Socio-political commentary ...
The nexus among private companies, Hillary Clinton’s State Department and the Clinton family foundations is closer and more complex than even Donald Trump has claimed so far.
While it is widely known that some companies and foreign governments gave money to the foundations, perhaps in an effort to gain favor, one of the key parts of the puzzle hasn’t been reported: At least a dozen of those same companies lobbied the State Department, using lobbyists who doubled as major Clinton campaign fundraisers.
Those companies gave as much as $16 million to the Clinton charities. At least four of the lobbyists they hired are “Hillblazers,” the Clinton campaign’s name for supporters who have raised $100,000 or more for her current White House race. Two of the four also raised funds for Clinton’s unsuccessful 2008 presidential bid.
USA TODAY reached these conclusions by obtaining federal lobbying data from the nonpartisan Center for Responsive Politics for 2009-2013, Clinton’s tenure as secretary of State. Reporters then compared the data with donor lists made public by the Clinton nonprofits and federal campaign financial records.
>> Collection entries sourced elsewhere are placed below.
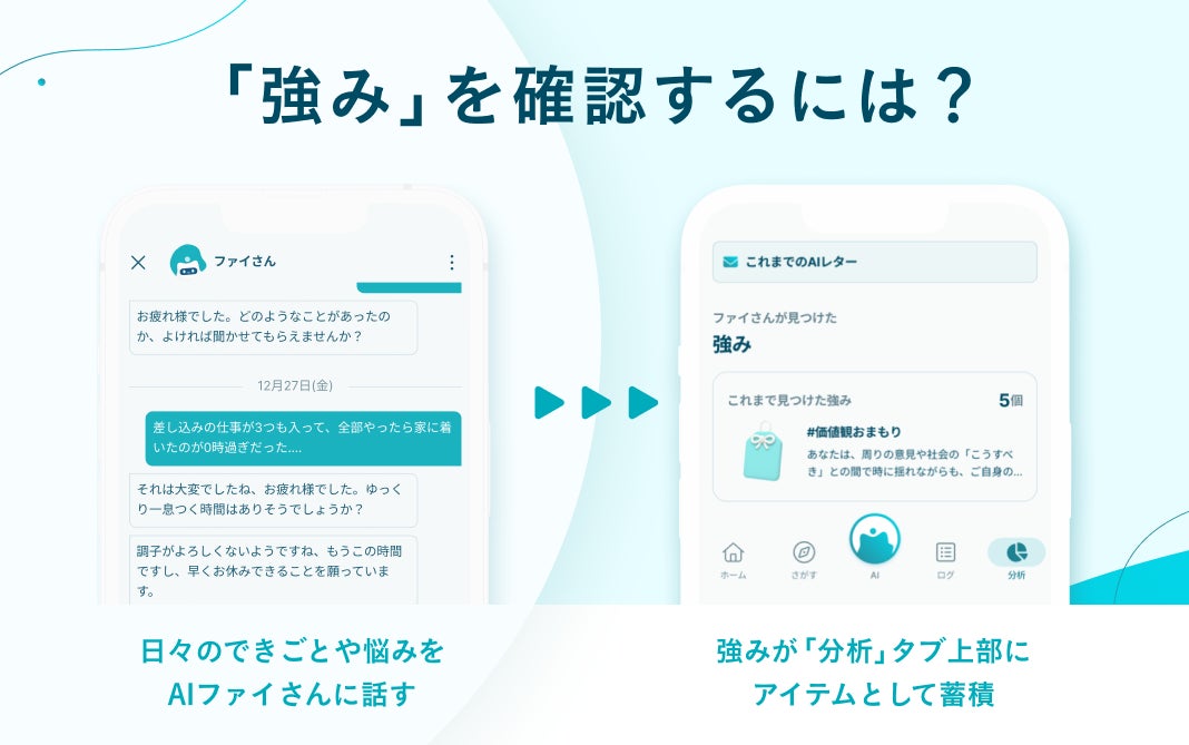 「AIじぶん分析」構想は、「悩むこと」そのものに価値を見出し、その瞬間を「自分を知るきっかけ」へと転換することを目指して立ち上がりました。ユーザーの皆さまがファイさんに明かしてくれた悩みや、感情、思考といった大切な記録をもとに、自分ではまだ気づけていなかった「じぶんらしさ」と出会える体験をお届けします。まずはユーザーさんが持ち合わせているポジティブな面に気づいていただきたいという思いから、第一弾は「強み分析」にしました。今後も、ストレスの原因、価値観、不調のサインなど、さまざまな切り口から「AIじぶん分析」を展開していく予定です。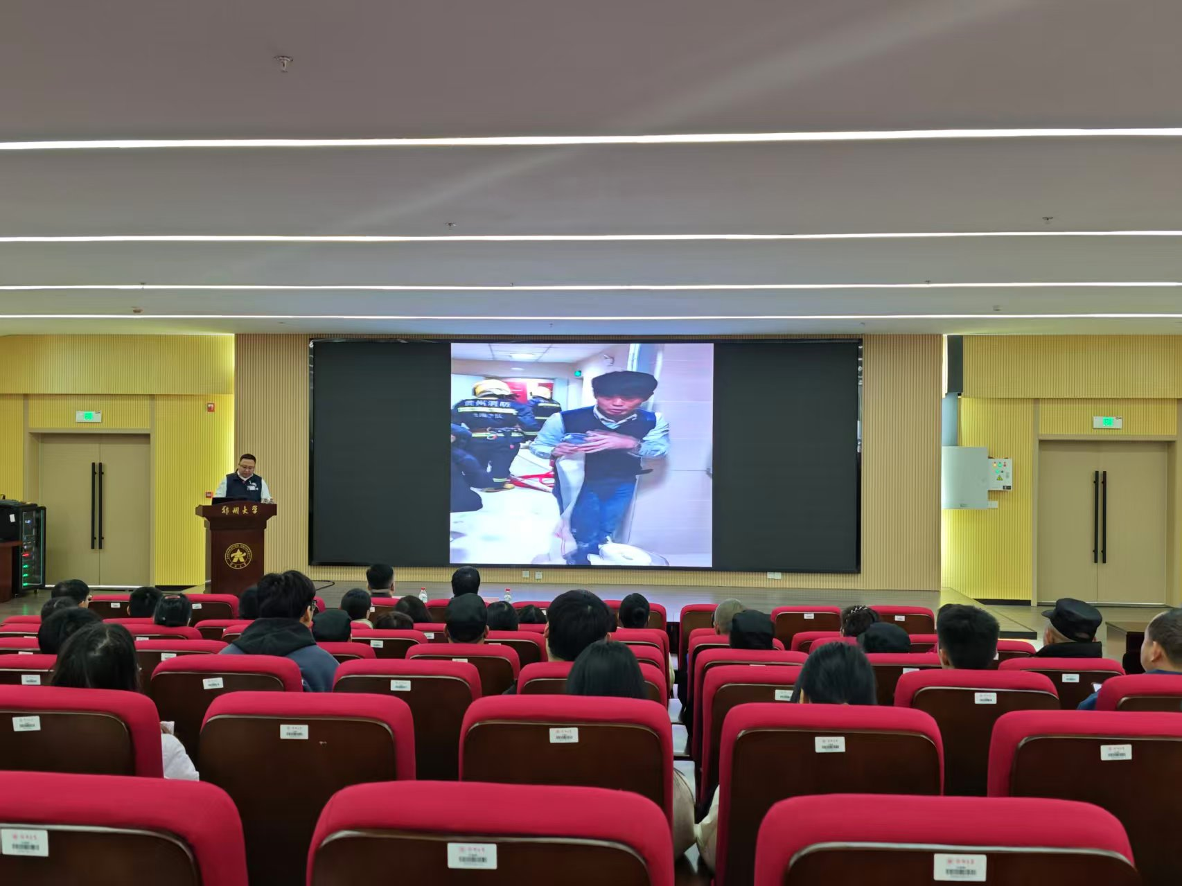 叶新江在开场中强调了消防安全的重要性,指出每一位师生都应牢固树立安全理念,切实增强防范意识。活动邀请了河南省消防协会相关人员为师生们开展理论培训,围绕实验室、宿舍消防安全、火场逃生常识及消防器材使用等内容进行科普,旨在从认知层面为全体师生筑牢安全基础。理论培训后,进行了应急疏散演练,参训人员按规范有序撤离至安全区域,通过实景模拟检验并强化了理论指导下的应急疏散能力。随后的灭火演练环节,参演人员在教员指导下实操灭火器,进一步在实操中提升初起火灾扑救技能,实现“懂理论、会逃生、能扑救”的全链条能力培养。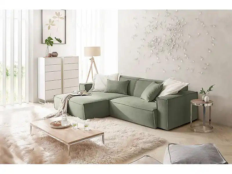 Begrenztes Angebot Ecksofa – Hellgrün Cord – SAMU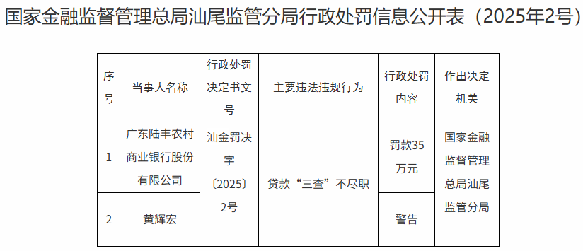 【大河财立方消息】11月13日,国家金融监督管理总局汕尾监管分局披露的行政处罚信息公开表显示,因贷款“三查”不尽职,广东陆丰农村商业银行股份有限公司被罚35万元。
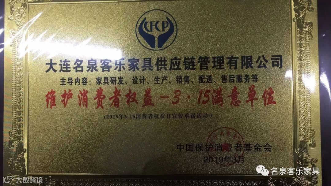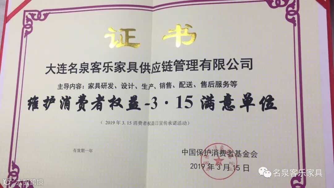 诚信经营是商家生存之本,我们名泉客乐家具以良好的口碑和严格的管理,受到了业内的一致好评,公司先后荣获中国保护消费者基金会2019年“重质守信3.15满意单位”、“维护消费者权益诚信单位”、“大国诚信品牌崛起消费者喜爱的诚信品牌”、“家居产业链行业中国民族品牌”等荣誉称号。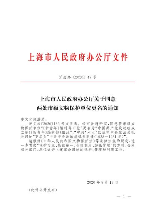 沪文旅〔2020〕132号文收悉。经市政府研究,同意将市级文物保护单位“《新青年》编辑部旧址”更名为“中国共产党发起组成立地(《新青年》编辑部)旧址”,“中共‘六大’以后党中央政治局机关旧址”更名为“中共中央政治局机关旧址(1928-1931年)”。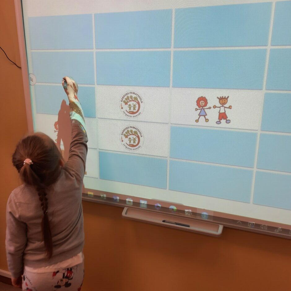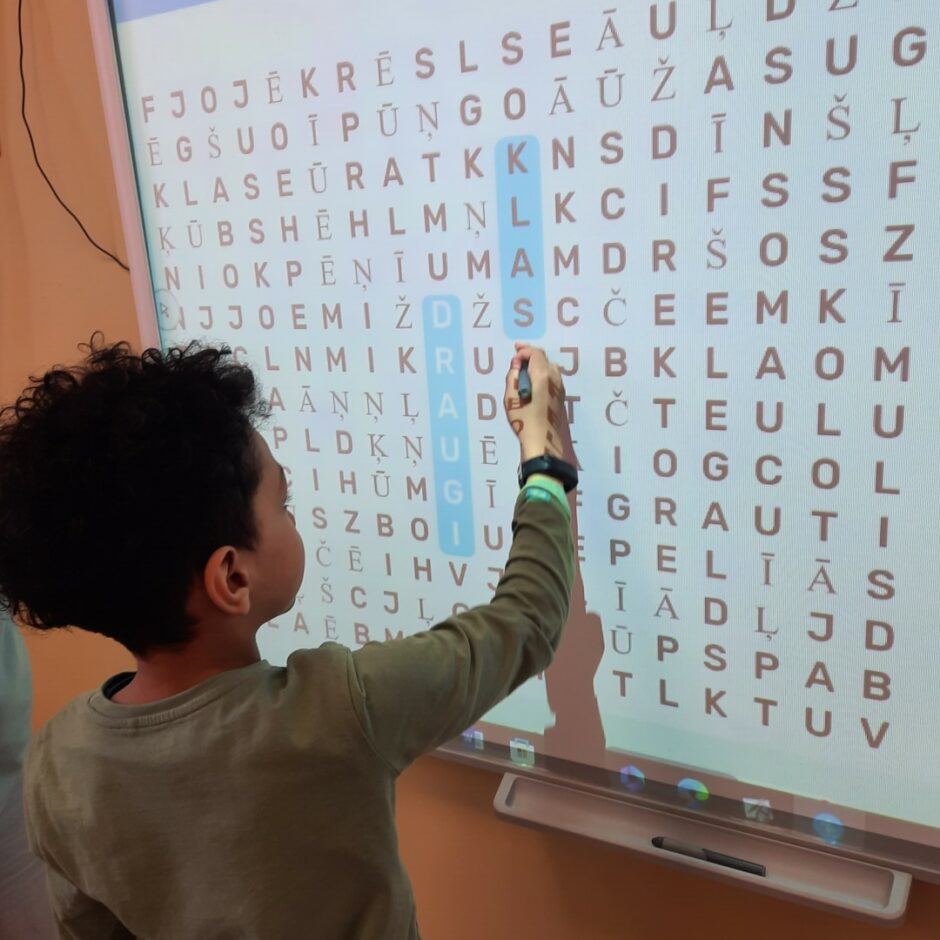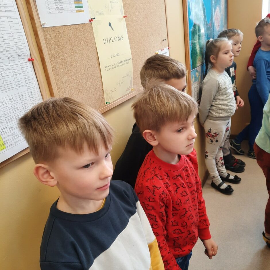 Pēc tam topošie pirmklasnieki kopā ar grupas skolotājām devās vērot latviešu valodas stundu pie 1.klases skolēniem un skolotājas. Skolotāja Laura arī sešgadniekiem bija sagatavojusi uzdevumus latviešu valodā, ko bērni veica ar interesi un lielu atbildību.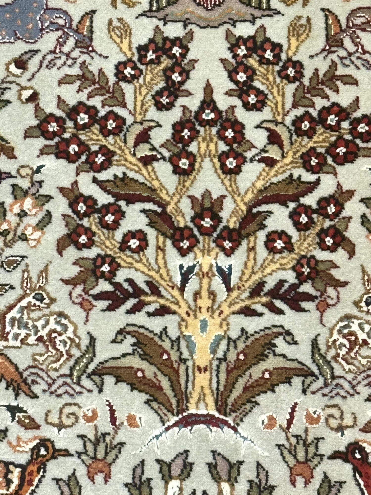 | Condition/Notes | Very good condition. Free of stains, odors, discolorations, tears, etc. Very finely hand knotted with a knot density of 330 KPSI (50 Raj). Features wonderful tree of life design with a multitude of animal pictorials. Recently cleaned and ready to be enjoyed in your space. |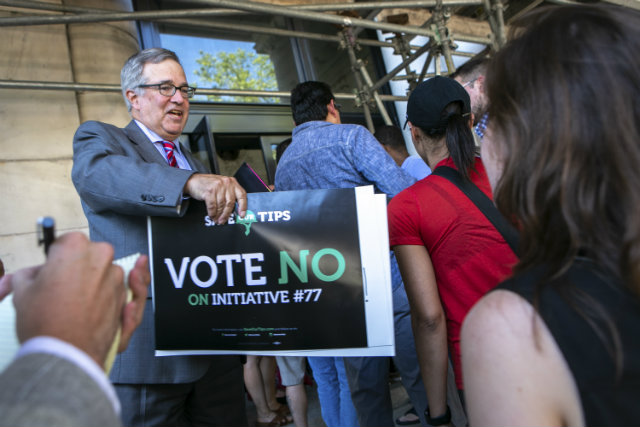 “I stand with you to make sure that Initiative 77 does not become law,” Ward 2 councilmember Jack Evans told the gathered group of opponents through a bullhorn on Monday before announcing that a bill will be introduced to repeal the measure. Before the vote, a supermajority of councilmembers and Mayor Muriel Bowser all came out against Initiative 77.

Some of the companies appear to have gotten what they wanted; others did not. The companies, which in several cases provided limited answers to detailed USA TODAY questions, said they had done nothing improper. The charity donations, though questioned by Clinton critics, were all legal.
"We have no record of Secretary Clinton meeting with these individuals as Secretary regarding issues they were lobbying on at the time. The fact remains, Hillary Clinton never took action as Secretary of State because of donations to the Clinton Foundation,” her campaign said.
Among the donors to the Clinton foundations who also used Clinton-connected lobbyists at the Department of State:
• Microsoft has given between $1 million and $5 million to the foundations, as the tech giant also lobbied for visa issues, protection of critical infrastructure and cybersecurity, software industry licensing and government procurement.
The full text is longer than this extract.